PROBLEM TO WORK ON = The full listing, excluding its pictures, should be printed exactly as it stands.

DATA SECTION =
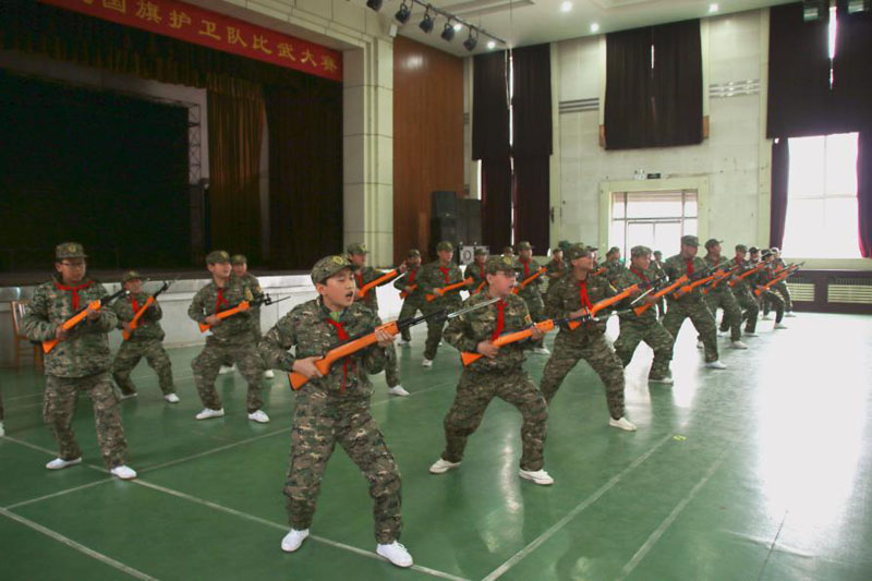 比赛在庄严的出旗奏唱国歌仪式中拉开帷幕,随后,一段精心制作记录片带领大家回顾国旗护卫队不怕困难坚持训练的场景。接下来,参赛队伍响彻礼堂的一声“齐步走”正式拉开了比武大赛序幕。5个班共51名队员首先进行必选动作——队列会操表演,各班以激昂的士气,饱满的精神状态,整齐的步伐,飒爽的英姿征服了观众,现场掌声阵阵。接下来是才艺展示环节,国旗护卫队用一曲铿锵有力的《强军战歌》,表达他们对青春,对祖国的热爱;护卫队志愿服务基地——石家庄庄园小学国旗班的小朋友向大家汇报了训练成果,他们表演的《刺杀操》,动作连贯,干净利落,令在场的观众刮目相看。最终,护卫队一班和霍英龙分别获得团体、个人一等奖。
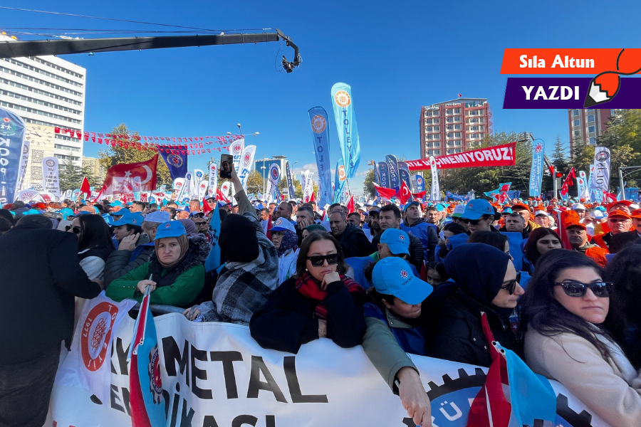 Miting alanında en çok gözüme çarpan şey, adım başı bir grup metal işçisine rastlıyor olmaktı. Genç metal işçisi kadınlar kalabalığın içinde dururken görece daha yaşlı olanlar kalabalıktan uzakta mitinge giriş noktasında toplanıyorlardı. 25 yaşında Ford’da çalışan bir metal işçisi kadına denk geldik. Sohbet etmeye başladık. Önce en kalabalık sendikalardan biri olduklarını söyleyerek hafifçe övündü sendikasıyla. Aşağı yukarı 35-40 bin lira aldığını ve vergi kesintisi gerçekleştiğinde bu ücretin 25 bin liraya kadar gerilediğini söyledi. Ücretlerdeki bu düşüşle kendi ihtiyaçlarını dahi karşılamakta zorlandığını ifade etti ve üzerindeki montu göstererek “Kış geliyor. Bir mont bile kaç lira olmuş, alamıyoruz” dedi. Tek başına yaşayıp yaşamadığını sordum. Sonuçta karşımdaki 25 yaşında genç bir kadın işçiydi, kendisi için bir hayat kurup kuramadığını merak ediyordum. Hâlâ ailesiyle yaşadığını, bu koşullarda ayrı bir eve çıkmanın kendisi için mümkün olmadığını söyledi.
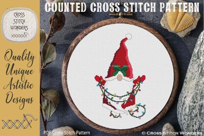 An Adorable Christmas Gnome holding a string of lights counted cross stitch design!\nCross Stitch Pattern designed by Marcia Manning.\nDesign is 74 stitches wide by 125 stitches high.\nPDF is a COLOR counted cross stitch chart which lists suggested DMC floss colors, and includes a color picture.\n\nStitched design size is as follows:\nSize 11 count: 6.73 x 11.36 inches or 17.09 x 28.86 cm\nSize 14 count: 5.29 x 8.93 inches or 13.43 x 22.68 cm\nSize 16 count: 4.63 x 7.81 inches or 11.75 x 19.84 cm\nSize 18 count: 4.11 x 6.94 inches or 10.44 x 17.64 cm\nSize 22 count: 3.36 x 5.68 inches or 8.54 x 14.43 cm

FINAL ANSWER =
 比赛在庄严的出旗奏唱国歌仪式中拉开帷幕,随后,一段精心制作记录片带领大家回顾国旗护卫队不怕困难坚持训练的场景。接下来,参赛队伍响彻礼堂的一声“齐步走”正式拉开了比武大赛序幕。5个班共51名队员首先进行必选动作——队列会操表演,各班以激昂的士气,饱满的精神状态,整齐的步伐,飒爽的英姿征服了观众,现场掌声阵阵。接下来是才艺展示环节,国旗护卫队用一曲铿锵有力的《强军战歌》,表达他们对青春,对祖国的热爱;护卫队志愿服务基地——石家庄庄园小学国旗班的小朋友向大家汇报了训练成果,他们表演的《刺杀操》,动作连贯,干净利落,令在场的观众刮目相看。最终,护卫队一班和霍英龙分别获得团体、个人一等奖。
 Miting alanında en çok gözüme çarpan şey, adım başı bir grup metal işçisine rastlıyor olmaktı. Genç metal işçisi kadınlar kalabalığın içinde dururken görece daha yaşlı olanlar kalabalıktan uzakta mitinge giriş noktasında toplanıyorlardı. 25 yaşında Ford’da çalışan bir metal işçisi kadına denk geldik. Sohbet etmeye başladık. Önce en kalabalık sendikalardan biri olduklarını söyleyerek hafifçe övündü sendikasıyla. Aşağı yukarı 35-40 bin lira aldığını ve vergi kesintisi gerçekleştiğinde bu ücretin 25 bin liraya kadar gerilediğini söyledi. Ücretlerdeki bu düşüşle kendi ihtiyaçlarını dahi karşılamakta zorlandığını ifade etti ve üzerindeki montu göstererek “Kış geliyor. Bir mont bile kaç lira olmuş, alamıyoruz” dedi. Tek başına yaşayıp yaşamadığını sordum. Sonuçta karşımdaki 25 yaşında genç bir kadın işçiydi, kendisi için bir hayat kurup kuramadığını merak ediyordum. Hâlâ ailesiyle yaşadığını, bu koşullarda ayrı bir eve çıkmanın kendisi için mümkün olmadığını söyledi.
 An Adorable Christmas Gnome holding a string of lights counted cross stitch design!\nCross Stitch Pattern designed by Marcia Manning.\nDesign is 74 stitches wide by 125 stitches high.\nPDF is a COLOR counted cross stitch chart which lists suggested DMC floss colors, and includes a color picture.\n\nStitched design size is as follows:\nSize 11 count: 6.73 x 11.36 inches or 17.09 x 28.86 cm\nSize 14 count: 5.29 x 8.93 inches or 13.43 x 22.68 cm\nSize 16 count: 4.63 x 7.81 inches or 11.75 x 19.84 cm\nSize 18 count: 4.11 x 6.94 inches or 10.44 x 17.64 cm\nSize 22 count: 3.36 x 5.68 inches or 8.54 x 14.43 cm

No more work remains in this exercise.